- **THE DATA**:
*** Block opens ***

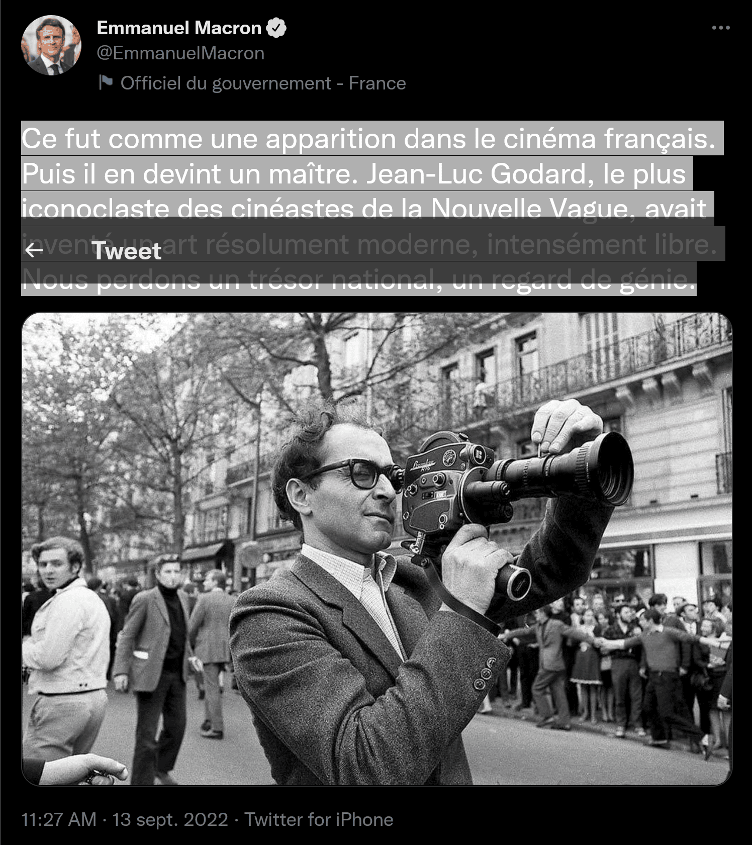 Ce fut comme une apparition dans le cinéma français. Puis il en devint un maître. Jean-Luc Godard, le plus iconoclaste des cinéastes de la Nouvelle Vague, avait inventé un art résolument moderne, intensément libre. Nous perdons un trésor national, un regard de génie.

*** Block closes ***
*** Block opens ***

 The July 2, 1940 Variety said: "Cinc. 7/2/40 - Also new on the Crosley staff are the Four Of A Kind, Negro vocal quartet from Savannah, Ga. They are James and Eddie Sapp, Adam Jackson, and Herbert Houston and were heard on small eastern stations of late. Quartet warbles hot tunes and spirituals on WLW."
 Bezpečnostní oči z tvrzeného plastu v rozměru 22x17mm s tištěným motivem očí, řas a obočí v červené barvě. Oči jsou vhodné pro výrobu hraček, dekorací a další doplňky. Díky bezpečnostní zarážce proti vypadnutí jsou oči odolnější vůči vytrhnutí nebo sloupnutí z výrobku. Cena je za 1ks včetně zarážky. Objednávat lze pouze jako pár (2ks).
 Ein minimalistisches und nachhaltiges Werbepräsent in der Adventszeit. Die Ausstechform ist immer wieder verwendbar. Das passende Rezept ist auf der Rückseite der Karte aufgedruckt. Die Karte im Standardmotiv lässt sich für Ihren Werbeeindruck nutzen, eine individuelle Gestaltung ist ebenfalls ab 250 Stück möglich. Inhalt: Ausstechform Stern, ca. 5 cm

*** Block closes ***
*** Block opens ***

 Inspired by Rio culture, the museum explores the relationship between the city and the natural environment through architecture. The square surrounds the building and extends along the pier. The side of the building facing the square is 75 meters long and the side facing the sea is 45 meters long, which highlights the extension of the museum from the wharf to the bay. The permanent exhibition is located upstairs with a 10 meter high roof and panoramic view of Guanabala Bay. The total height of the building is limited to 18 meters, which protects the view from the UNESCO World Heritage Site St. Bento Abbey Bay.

*** Block closes ***

- **TASK DESCRIPTION**: For every line of the material that holds the word "from", make a copy.

- **EXERCISE ANSWER**:
 The July 2, 1940 Variety said: "Cinc. 7/2/40 - Also new on the Crosley staff are the Four Of A Kind, Negro vocal quartet from Savannah, Ga. They are James and Eddie Sapp, Adam Jackson, and Herbert Houston and were heard on small eastern stations of late. Quartet warbles hot tunes and spirituals on WLW."
 Inspired by Rio culture, the museum explores the relationship between the city and the natural environment through architecture. The square surrounds the building and extends along the pier. The side of the building facing the square is 75 meters long and the side facing the sea is 45 meters long, which highlights the extension of the museum from the wharf to the bay. The permanent exhibition is located upstairs with a 10 meter high roof and panoramic view of Guanabala Bay. The total height of the building is limited to 18 meters, which protects the view from the UNESCO World Heritage Site St. Bento Abbey Bay.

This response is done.